• Exercise data:
================================

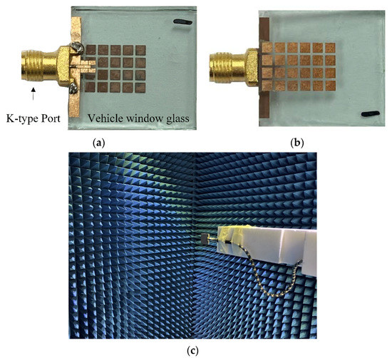 With the dramatic development of wireless communication technology, interest in vehicle communication systems has been increasing considerably in various applications, such as autonomous driving [1,2,3], telematics service [4,5,6], and vehicle-to-everything (V2X) communications [7,8,9,10,11]. In recent years, these systems require 5G wireless communication technology for high-throughput and low-latency in an ever-changing communication environment. In particular, for vehicle applications, it is significantly important to employ high-gain 5G antennas to maintain a stable 5G communications link while driving. Many studies have investigated the use of conventional antenna structures, i.e., patch antennas [12], dipole antennas [13,14], and dielectric resonator antennas [15] in 5G vehicle antenna designs. In some cases, research has attempted to apply such conventional antennas to actual vehicles using additional structures; for example, the vehicle roof is re-designed and modified to construct a cavity structure for mounting a 5G inverted-F monopole antenna [16]. Although these antennas have shown high antenna performances, the need to modify the vehicle structure or add new structures to the vehicle creates a disadvantage for their adoption as 5G wireless vehicle communication systems. To resolve these problems, a number of antenna designs that directly print the antennas onto the vehicle window glass have been reported, for example, mesh-grid strip line patterns [17], horizontal strip line patterns [18], and printed inverted-F antenna [19]. However, in general, on-glass antennas have been employed for low-frequency band applications below 1000 MHz, such as amplitude modulation broadcasting (AM), frequency modulation broadcasting (FM), and digital multimedia broadcasting (DMB). In addition, the linear polarization (LP) characteristic is essential for 5G vehicle communications. Thus, there needs to be more in-depth research to develop glass-printed antennas with monopole radiators to achieve the LP property.
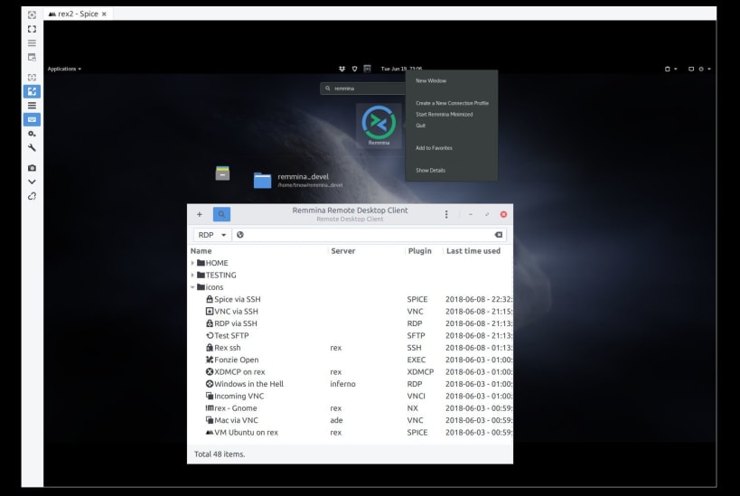Remmina supports multiple network protocols in an integrated and consistent user interface.
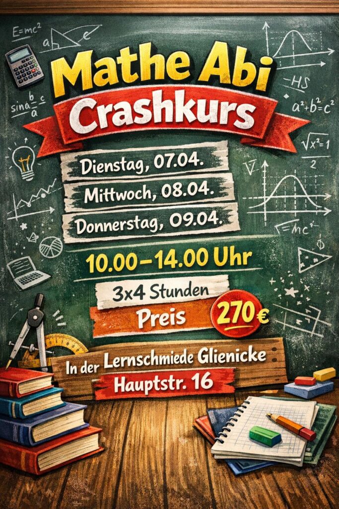 | Mathe Abi Crashkurs | 7.4./8.4./9.4.2026 | Glienicke |
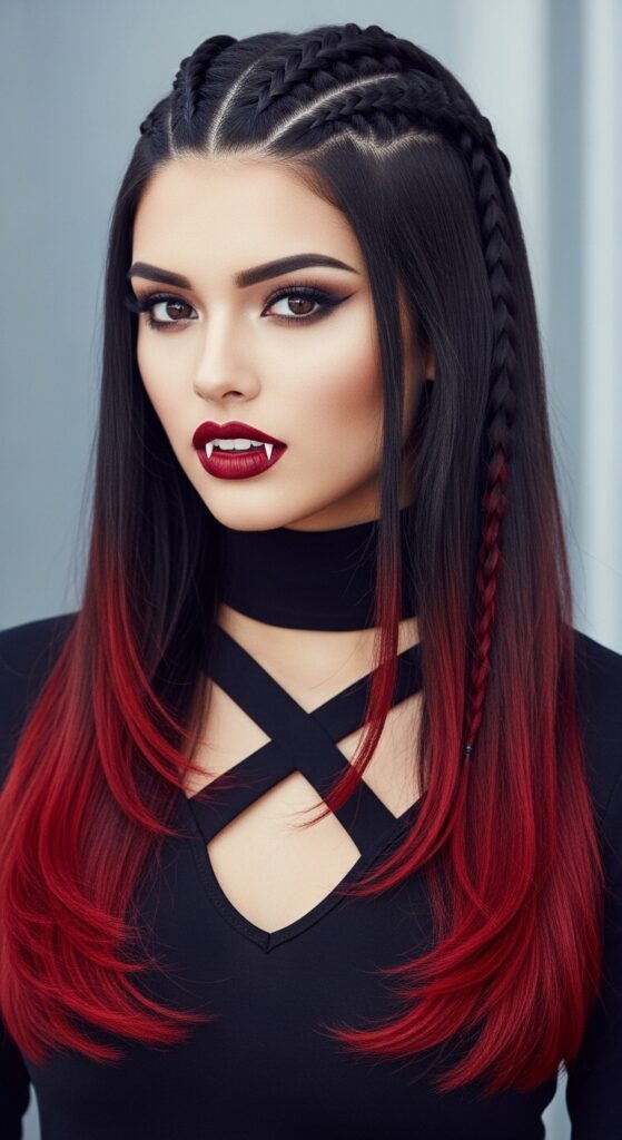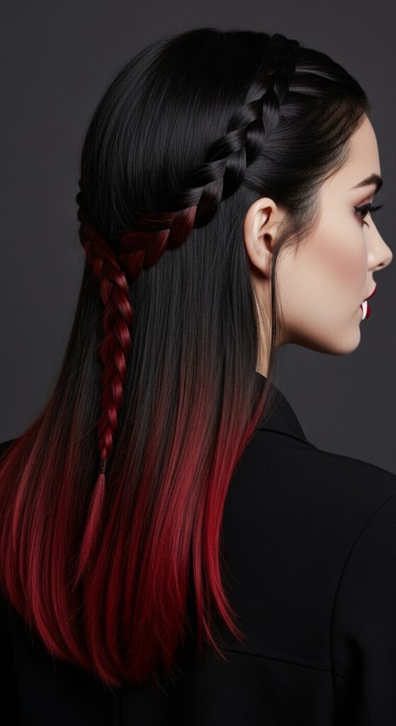 A fiery gradient meets intricate styling in this Halloween-ready braid that commands attention. Starting with deep black roots that melt into vibrant crimson tips, the color transition evokes flickering candlelight and autumn shadows. The braid itself is a masterclass in control and elegance—beginning at the crown and wrapping smoothly around the head before cascading down the back in a single, polished plait. The sleek finish and bold contrast make this look ideal for costume parties, editorial shoots, or blog features that celebrate seasonal drama with a refined edge.

================================

• Exercise prompt:
The output has to match the data above line for line, except that pictures are dropped.

• Result of the task:
 With the dramatic development of wireless communication technology, interest in vehicle communication systems has been increasing considerably in various applications, such as autonomous driving [1,2,3], telematics service [4,5,6], and vehicle-to-everything (V2X) communications [7,8,9,10,11]. In recent years, these systems require 5G wireless communication technology for high-throughput and low-latency in an ever-changing communication environment. In particular, for vehicle applications, it is significantly important to employ high-gain 5G antennas to maintain a stable 5G communications link while driving. Many studies have investigated the use of conventional antenna structures, i.e., patch antennas [12], dipole antennas [13,14], and dielectric resonator antennas [15] in 5G vehicle antenna designs. In some cases, research has attempted to apply such conventional antennas to actual vehicles using additional structures; for example, the vehicle roof is re-designed and modified to construct a cavity structure for mounting a 5G inverted-F monopole antenna [16]. Although these antennas have shown high antenna performances, the need to modify the vehicle structure or add new structures to the vehicle creates a disadvantage for their adoption as 5G wireless vehicle communication systems. To resolve these problems, a number of antenna designs that directly print the antennas onto the vehicle window glass have been reported, for example, mesh-grid strip line patterns [17], horizontal strip line patterns [18], and printed inverted-F antenna [19]. However, in general, on-glass antennas have been employed for low-frequency band applications below 1000 MHz, such as amplitude modulation broadcasting (AM), frequency modulation broadcasting (FM), and digital multimedia broadcasting (DMB). In addition, the linear polarization (LP) characteristic is essential for 5G vehicle communications. Thus, there needs to be more in-depth research to develop glass-printed antennas with monopole radiators to achieve the LP property.
Remmina supports multiple network protocols in an integrated and consistent user interface.
 | Mathe Abi Crashkurs | 7.4./8.4./9.4.2026 | Glienicke |
 A fiery gradient meets intricate styling in this Halloween-ready braid that commands attention. Starting with deep black roots that melt into vibrant crimson tips, the color transition evokes flickering candlelight and autumn shadows. The braid itself is a masterclass in control and elegance—beginning at the crown and wrapping smoothly around the head before cascading down the back in a single, polished plait. The sleek finish and bold contrast make this look ideal for costume parties, editorial shoots, or blog features that celebrate seasonal drama with a refined edge.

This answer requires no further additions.